Хестер промокнула испарину на лбу:
– Ты все уразумеешь, когда будешь постарше.
– Взаправду? И что же я уразумею? Как ты дозволила этому хряку давать себе оплеухи и совокупляться с тобою день и ночь, будто ты покалеченная свинья?
Во взгляде миссис Уинтер на миг полыхнуло пламя, и ее дочь уже чаяла получить резкую отповедь, а то и пощечину – и тем, и другим мать выказала бы, что уберегла в себе хоть капельку силы духа. Но огонь в очах Хестер быстро угас, оставив по себе лишь безразличный взор. Вместо отповеди она лишь развела руками:
– Мы страдаем ради детей, а не ради себя.

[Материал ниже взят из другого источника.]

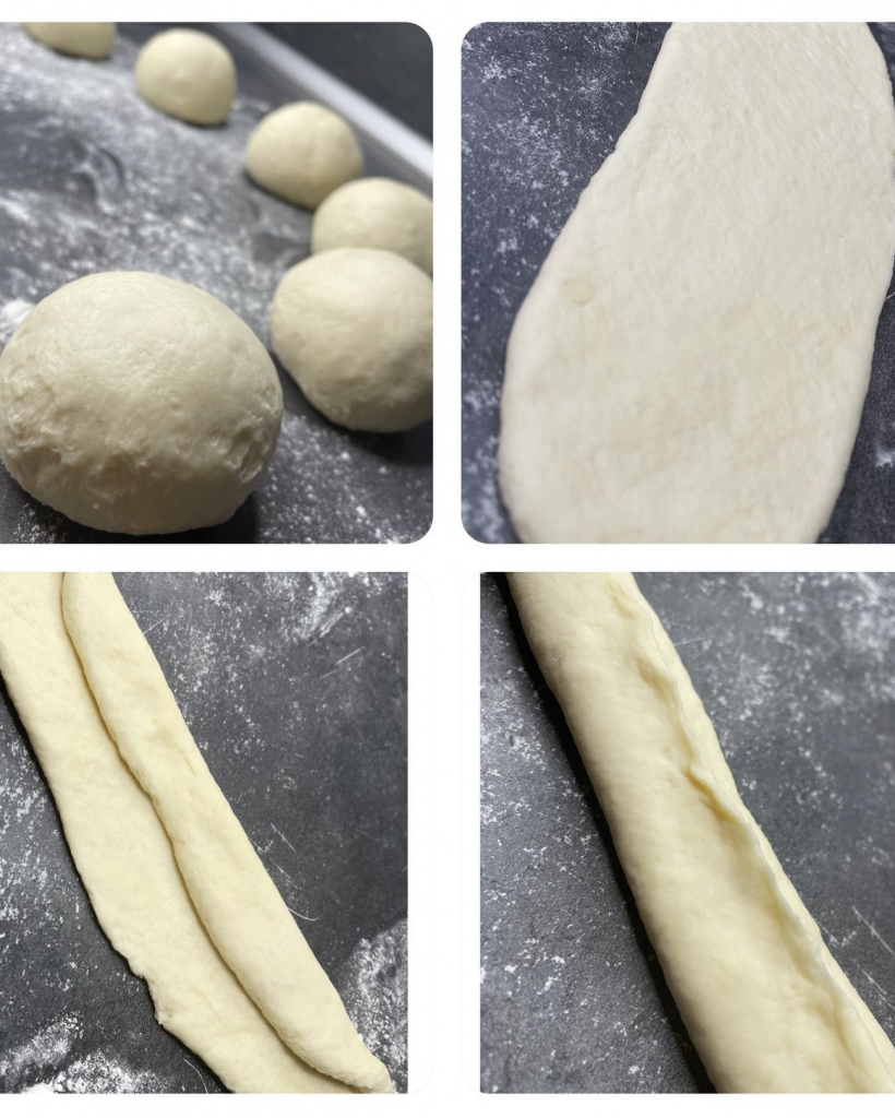 Après la pousse diviser la pâte en 8 boules et commencer à façonner.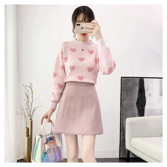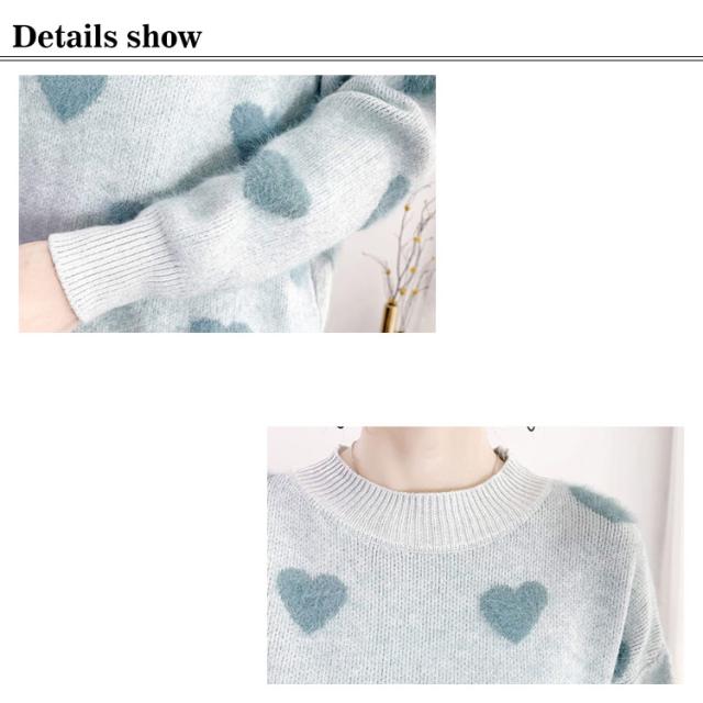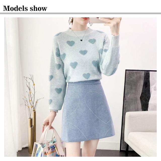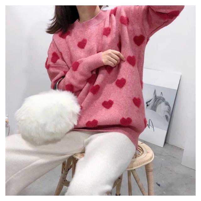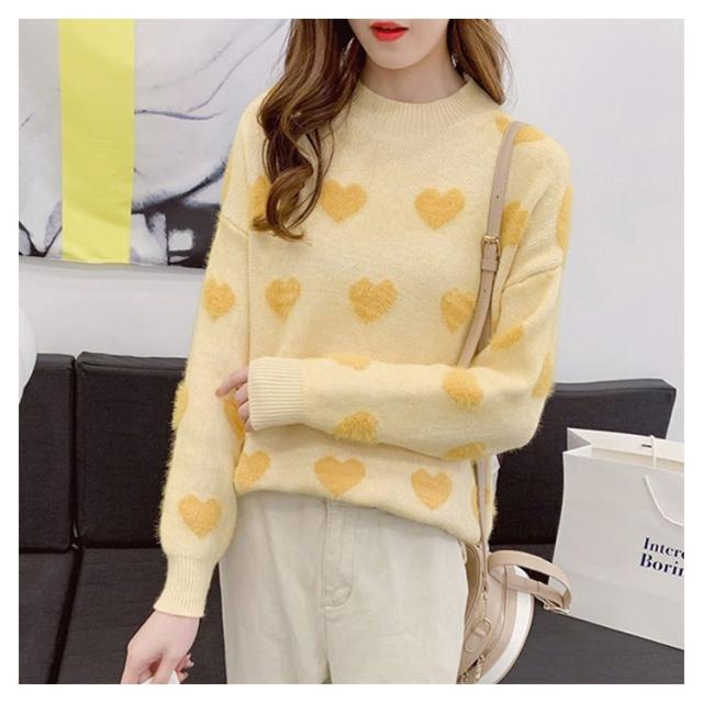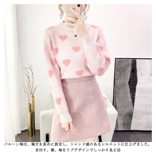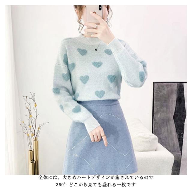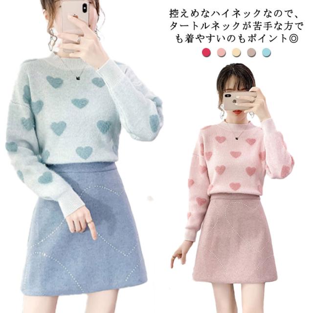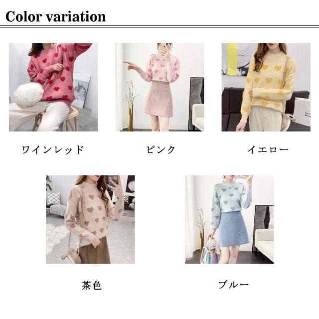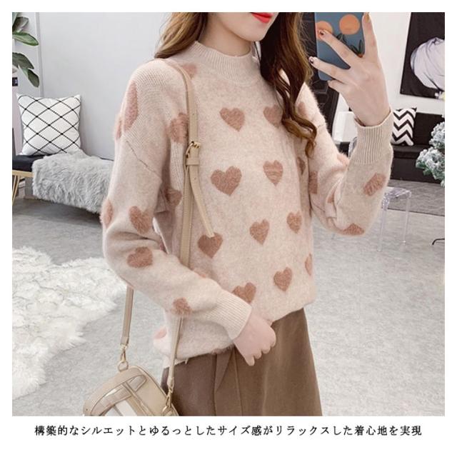 50代 ハイネック トップス 女の子 ハート柄 リブ プルオーバー ボトルネック レディース パフ袖 春 ゆったり 【送料無料】ニットセーター 秋冬 カジュアル 韓国 通学 10 20 30 40 総柄

– И что же сие должно означать? – сдвинула брови девушка.
Повернувшись, Хестер зашагала к ручью. Эбби последовала за ней, дожидаясь отклика. Увидев, как мать зачерпнула горсть песка у воды и бросила его в ночной горшок, дочь со вздохом последовала ее примеру. Они принялись надраивать внутренности пальцами, соскребая песком затвердевшие отложения фекалий, а потом сполоснули горшки в ручье и осмотрели их.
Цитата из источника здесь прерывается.